In all, the remains of 128 people were found, compared to 120 in the same six-month period the year before, according to just-released Border Patrol statistics.

Yet apprehensions of people crossing illegally from Mexico into Texas, New Mexico, Arizona and California dropped to less than 265,000 - a decrease of more than 24 percent from the comparable period a year ago and 37 percent from the first six months of the federal fiscal year that began on Oct. 1, 2006. The number of arrests is generally considered an indication of how many people are illegally crossing the border into the U.S. The more apprehensions, the more people are thought to be coming.

Migrants rights groups say there's a direct correlation between the number of deaths and increased enforcement along the U.S.-Mexico border.

"What we've seen is that the death rate has gone up even though the number of people crossing has gone down, the direct result of more agents, more fencing and more equipment," said the Rev. Robin Hoover, founder of the Tucson-based group Humane Borders, which provides water stations for migrants crossing the southern Arizona desert. "The migrants are walking in more treacherous terrain for longer periods of time, and you should expect more deaths."

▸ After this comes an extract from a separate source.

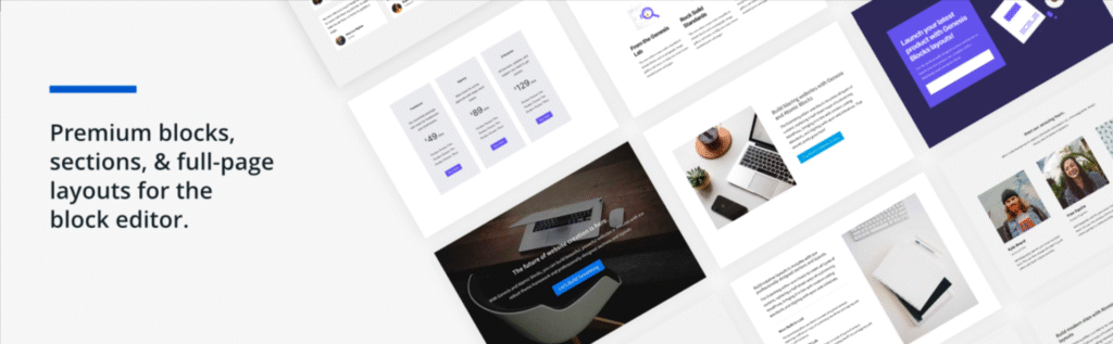 • Specialized blocks for your industry (e.g., e-commerce, portfolio)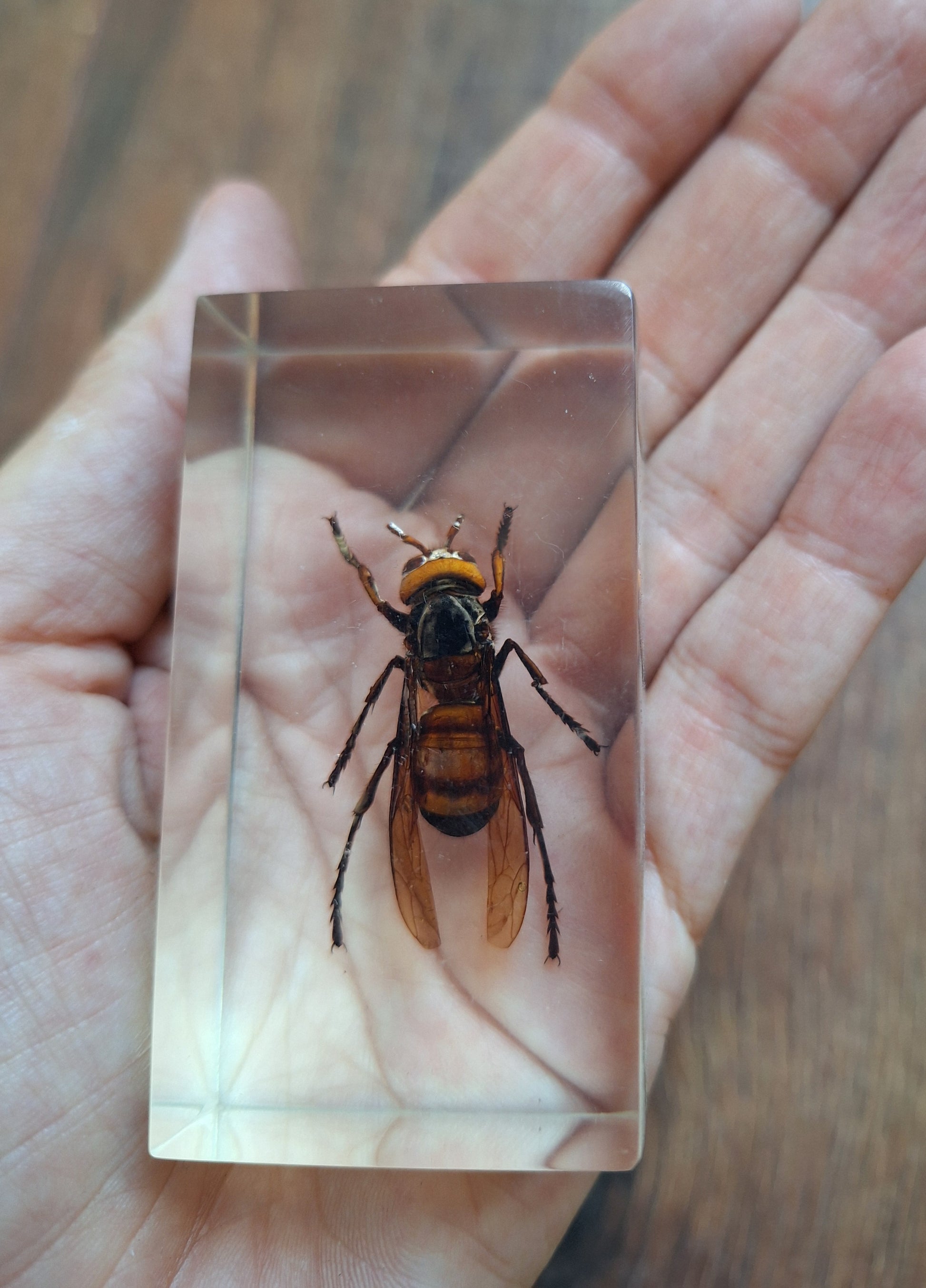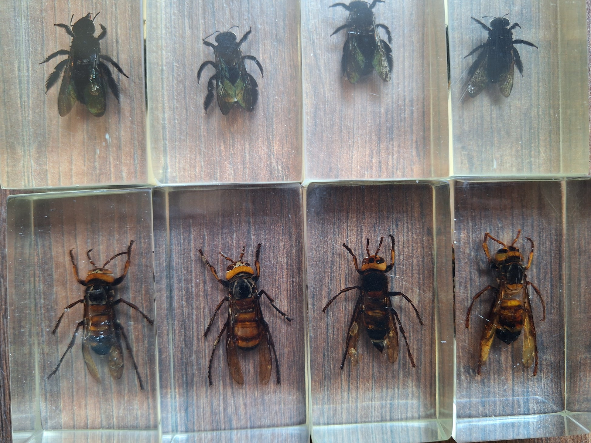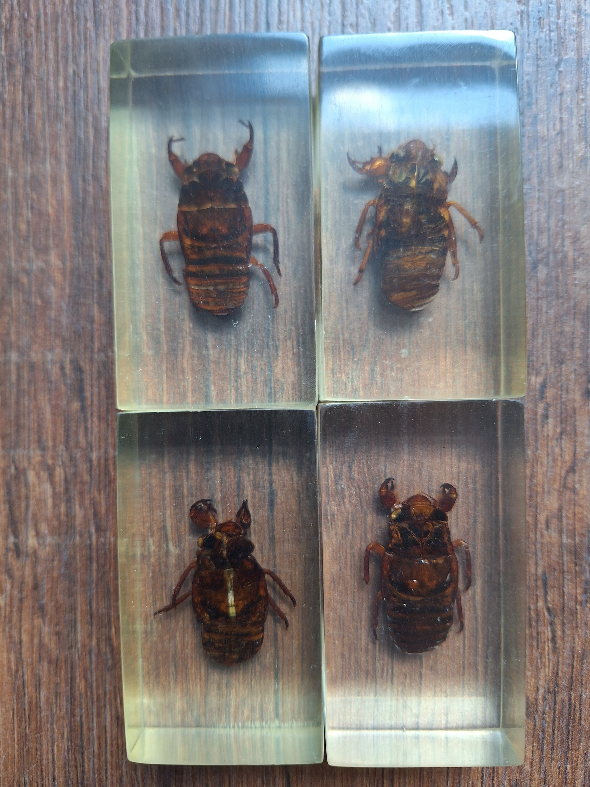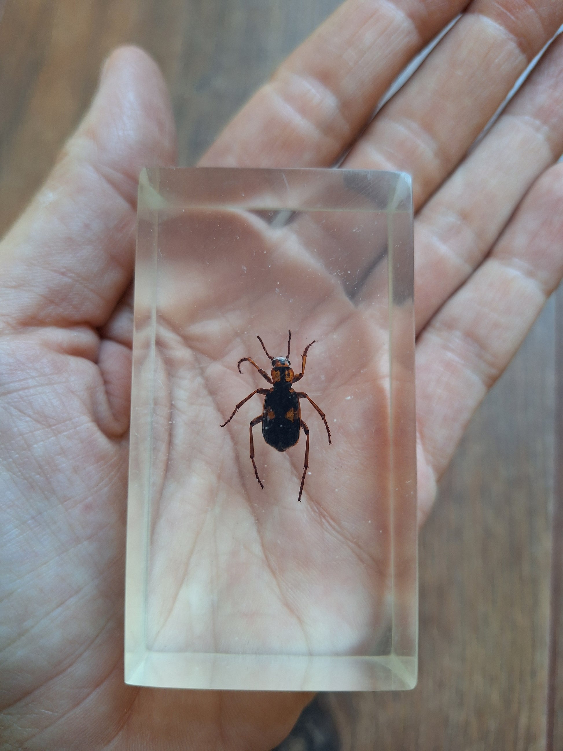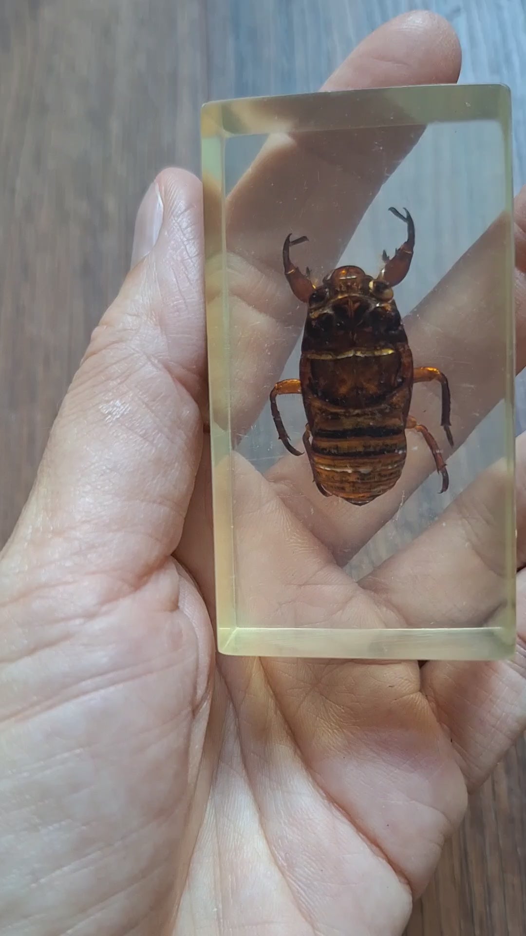 Insects encapsulated in a cube of clear resin. The cubes may have some minor scratches here and there (therefore the price is a bit lower than normal), but overall in good condition. A nice addition to your cabinet of curiosities.

Nearly half the dead were found in the Border Patrol's rugged Tucson sector, which saw a 30 percent increase from the same period a year earlier. Deaths also rose in the Laredo and Del Rio sectors in Texas, and in the El Centro sector of southwestern California.

No sector approached Tucson's sheer numbers, where the remains of 60 people were found during the first half of the 2009 fiscal year.

Tucson sector Border Patrol spokesman Omar Candelaria said it was hard to say why deaths increased in his area, especially because they're not being found in summer, when most deaths occur.

He also said it is difficult to determine how long many of the bodies may have been there because many were skeletal remains.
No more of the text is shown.